Rationalizing vs reasoning
Like in investing, complicated frameworks are for former purpose. We use them to derive preferred outcomes, not reliable ones.
Any elaborate framework is meant to rationalize a predetermined decision, not to reason towards a sensible one. Anyone from my line of work, who has gone through a DCF charade, knows exactly what I mean.
Today's tragic real-world example of this timeless philosophy:
"If a district's TPR is sub-5% and oxygen-bed occupancy is sub-25%, then Barbers on both sides of the road can open beyond 9am-4pm, Monday-Friday, at 50% occupancy, without A/C, no walk-ins, only appointments"
Having come up with the most elaborate framework in human history, my city bailed on transitioning to level-2 unlock despite both conditions being met (weekly TPR was sub-5%, latest MIS shows 22% Oxygen bed occupancy). Framework has been labeled 'indicative' because it's inconvenient.
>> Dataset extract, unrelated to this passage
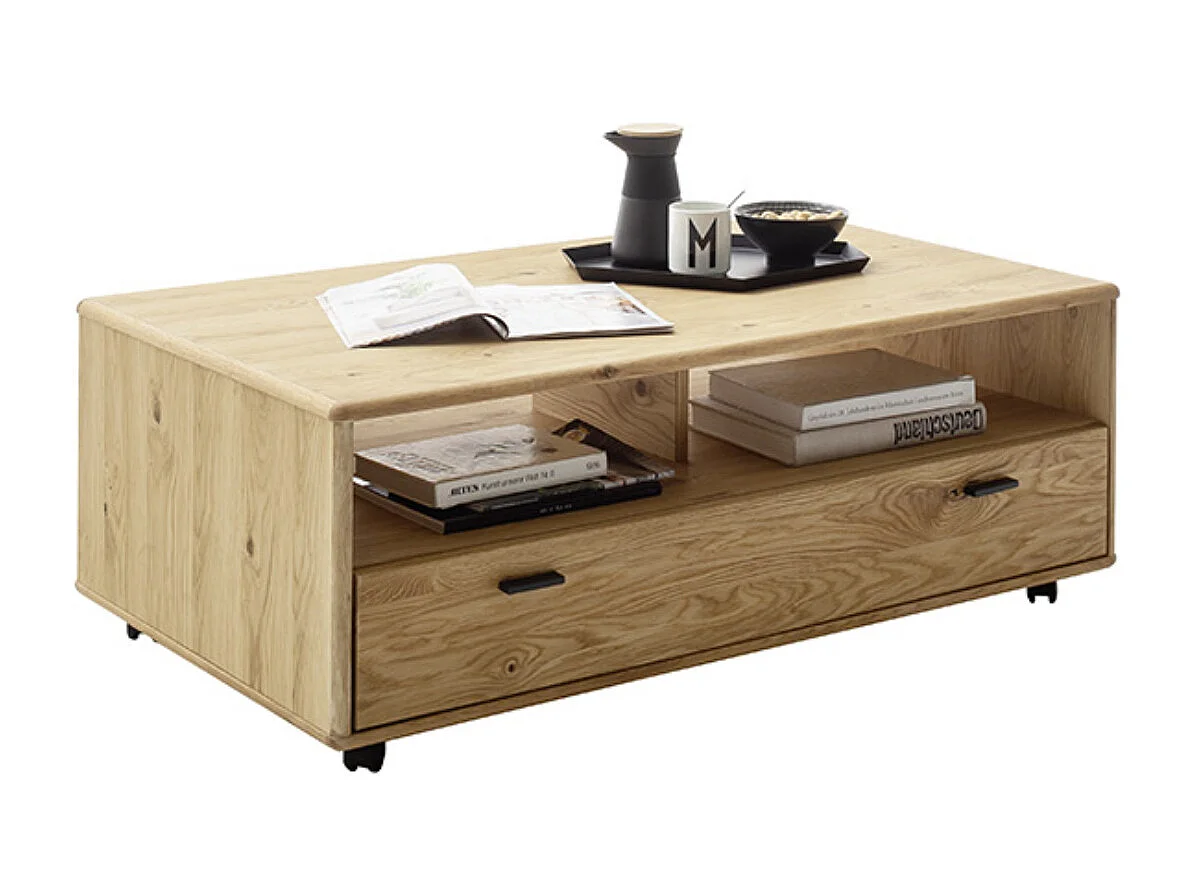 Table basse rectangulaire coloris chêne sauvage huilé - Longueur 115 x Hauteur 44 x Profondeur 65 cm

That brings me to my second philosophical point. Seeing through euphemisms, this boils down to a privileged few (lauded by other privileged) telling impoverished millions "Hey, you've starved for 10 weeks, what difference will another two make".
Prohibiting people from earning a living and feeding their family has been callously normalized. This is the most dangerous legacy of past year. A measure of last resort, meant for limited time under extraordinary circumstances, gets extended, ad hoc, for months without basis (separately empirically-sound basis has not been provided even for limited time use).
A minority, who can work from home without consequences, continue to ruin (or support ruin of) lives of a majority who cannot work at all.
Weekend rant done, I better get back to writing about investing!
Isn't a more fundamental problem lack of representativeness/lack of skin in the game for the people who are likely to get affected by the decision ? Reminds me of the curmudgeonly uncle who shoo-ed us from playing cricket in a play ground and finally got a fence erected near his house as our shrill shrieks intruded on his post lunch siesta even after we kept up our pinky promise of "silent" cricket.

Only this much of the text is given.